Michael Rubinstein is an expert on number theory, who is on the faculty of the University of Waterloo. He is one of the organizers of a 61${^{st}}$-birthday symposium being held December 15–19 in Princeton for my friend and former colleague, Peter Sarnak. I guess it is a matter of taste for a number theorist whether to observe a birthday with a lot of factors (60) or a prime (59 or 61). Rubinstein also does extensive experimental mathematics and lists several code libraries below his publications on his website, which also has interesting articles on the math, history, and practice of musical tuning.

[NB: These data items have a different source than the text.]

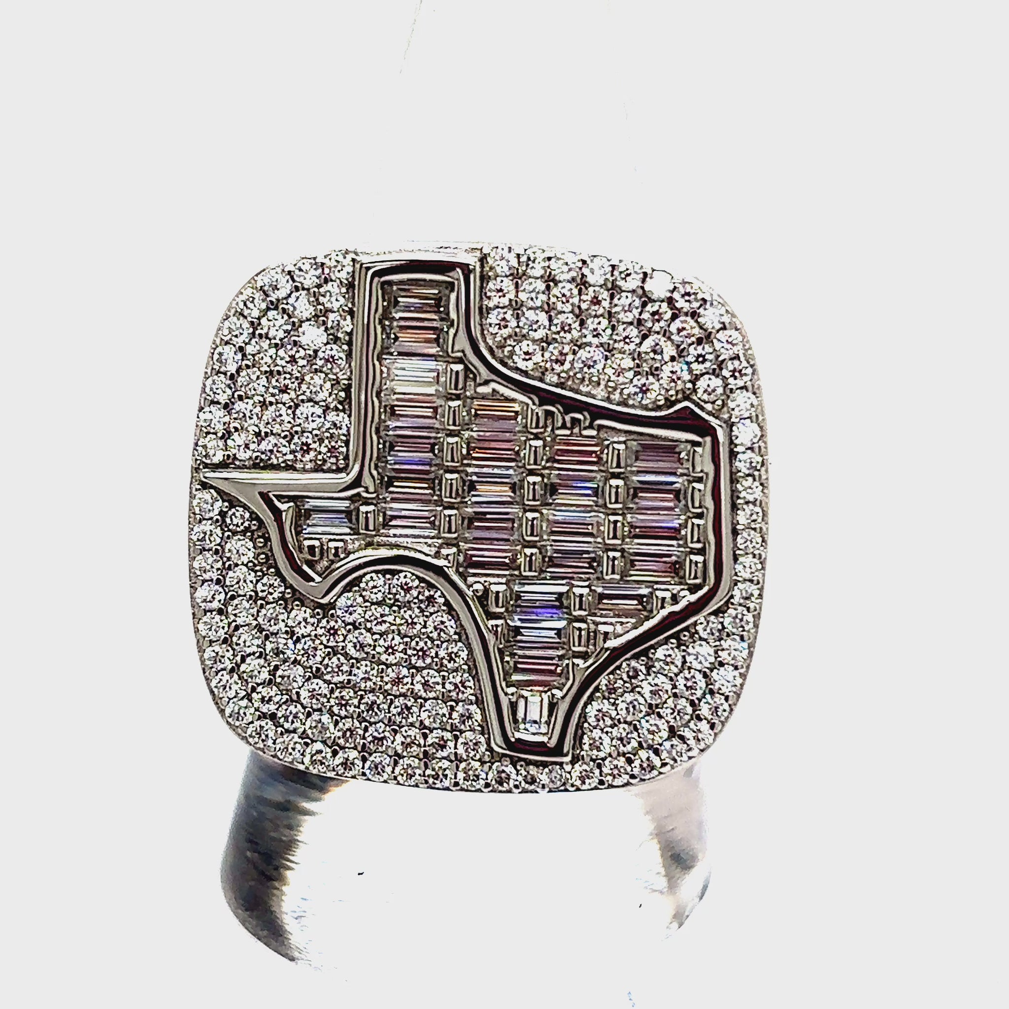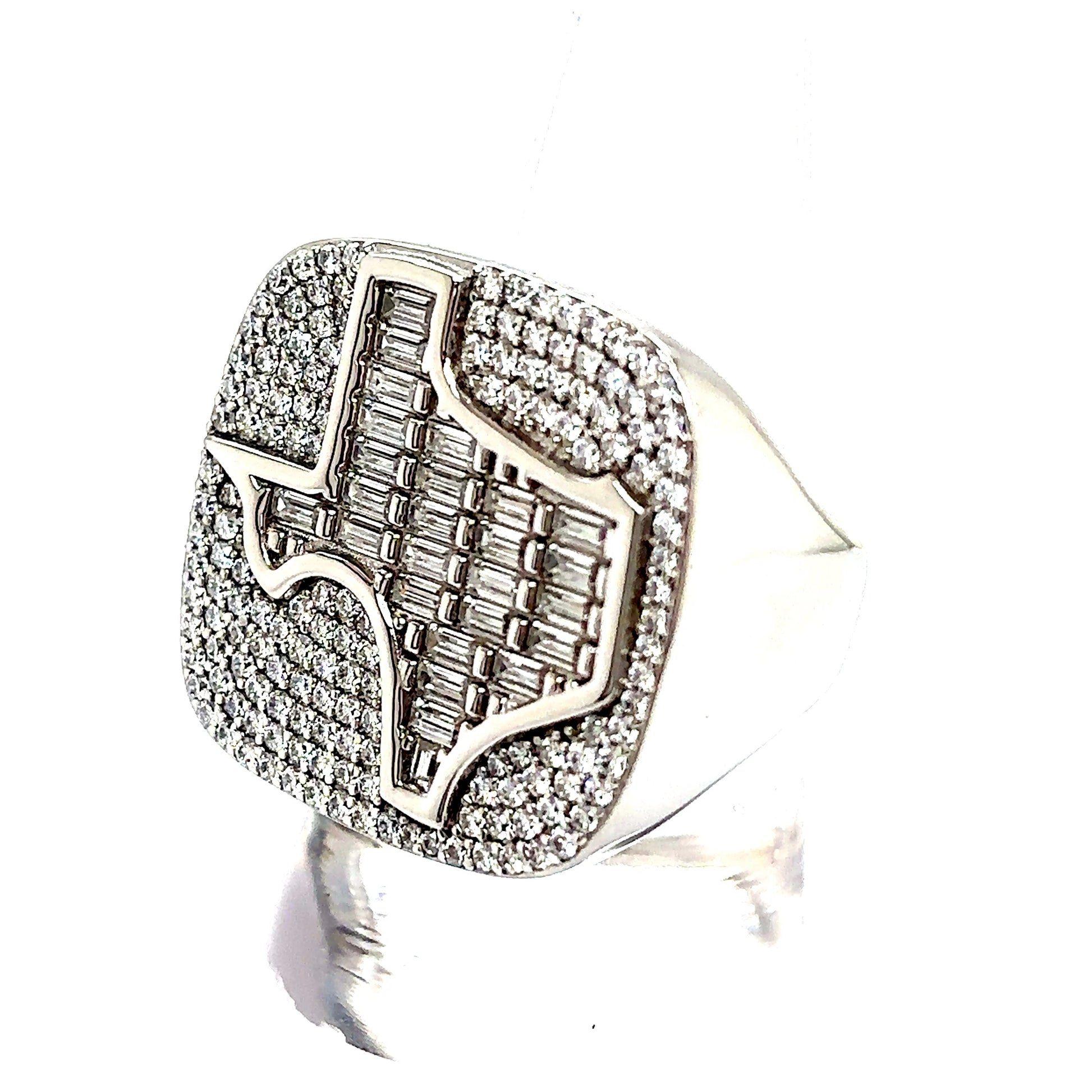 Solid 925 Sterling Silver Texas Champion Style Ring with VVS Moissanite Stones.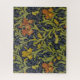 Dieses Design zeichnet sich durch einen Ausdruck eines Stoffdesigns aus, das von dem britischen Künstler William Morris (1834-1896) entworfen wurde, der mit der Kunsthandwerksbewegung assoziiert ist. Es zeigt blaue und orangefarbene Iris-Blume in einem elegant symmetrischen Muster. Die Blume ist nach Iris benannt, der die griechische Göttin des Regenbogens und ein Bote für die olympischen Götter war, der Botschaften an die Menschheit trug. Die Blätter und Stiele der Iris-Pflanze sind blau und grün dargestellt. Einige gelbe Vögel stehen auf dem Blätterteig der Pflanze. Das ursprüngliche Muster wurde 1887 von William Morris entworfen.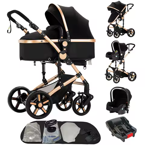 3 in 1 Baby Stroller with Car Seat ISOFIX Compatible 5-Point Harness Shock-Absorbing Wheels Newborn Stroller 0-3Y Lightweight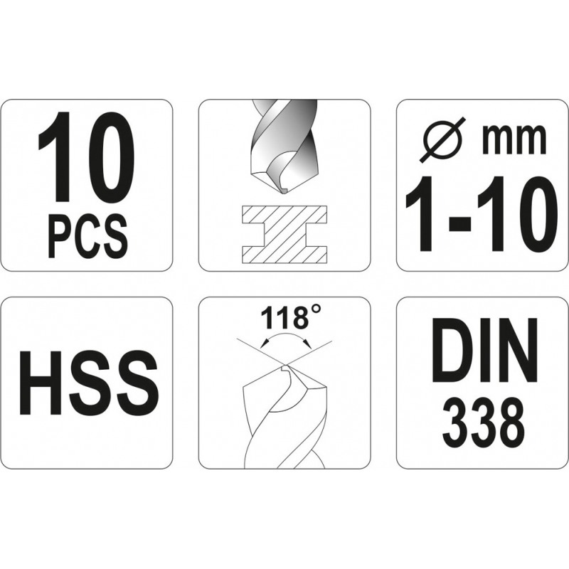 YATO YT-4461 набор сверл по металлу 10 шт 1–10 мм - Ristmik autovaruosad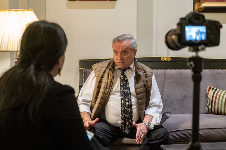 4月2日,世界卫生组织观察员、马德里医院管理中心副主任格兰达尔在西班牙马德里接受新华社记者专访。新华社记者 孟鼎博 摄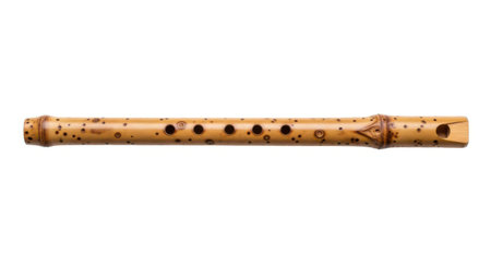 A close-up studio shot of a traditional bamboo flute, showcasing its natural wood grain and precisely placed finger holes. This instrument evokes cultural heritage and melodic music.

Today Ken and I wish to discuss a paper of his on one of my favorite problems: integer factoring.

The paper appears in the 2013 volume of the electronic journal INTEGERS, one of whose sponsors is the University of West Georgia. It is titled, “The distribution of solutions to ${xy = N \pmod{a}}$ with an application to factoring integers.” He studies the structure of solutions to ${xy = N}$ (mod a), and uses this to prove the following result:

Theorem 1 For any ${\epsilon>0}$, there is a deterministic factoring algorithm that runs in ${O(N^{1/3+\epsilon})}$ time.

The “${+ \epsilon}$” hides sub-linear terms including ${\exp(O(\frac{\ln n}{\ln\ln n}))}$ coming from the divisor bound, logarithmic terms from the overhead in nearly-linear time integer multiplication, and related sources.

## The Factoring Divide

Factoring algorithms partition into two types: unprovable and provable. The unprovable algorithm usually use randomness and/or rely for their correctness on unproved hypotheses, yet are observed to be the fastest in practice for numbers of substantial size. The provable algorithms are usually deterministic, but their key feature is that their correctness is unconditional.

For those trying to factor numbers, to break codes for example, they use the fastest unprovable algorithms such as the general number field sieve (GNFS). The cool part of factoring is that one can always check the result of any algorithm quickly, so anytime an unprovable algorithm fails, it fails in a visible manner.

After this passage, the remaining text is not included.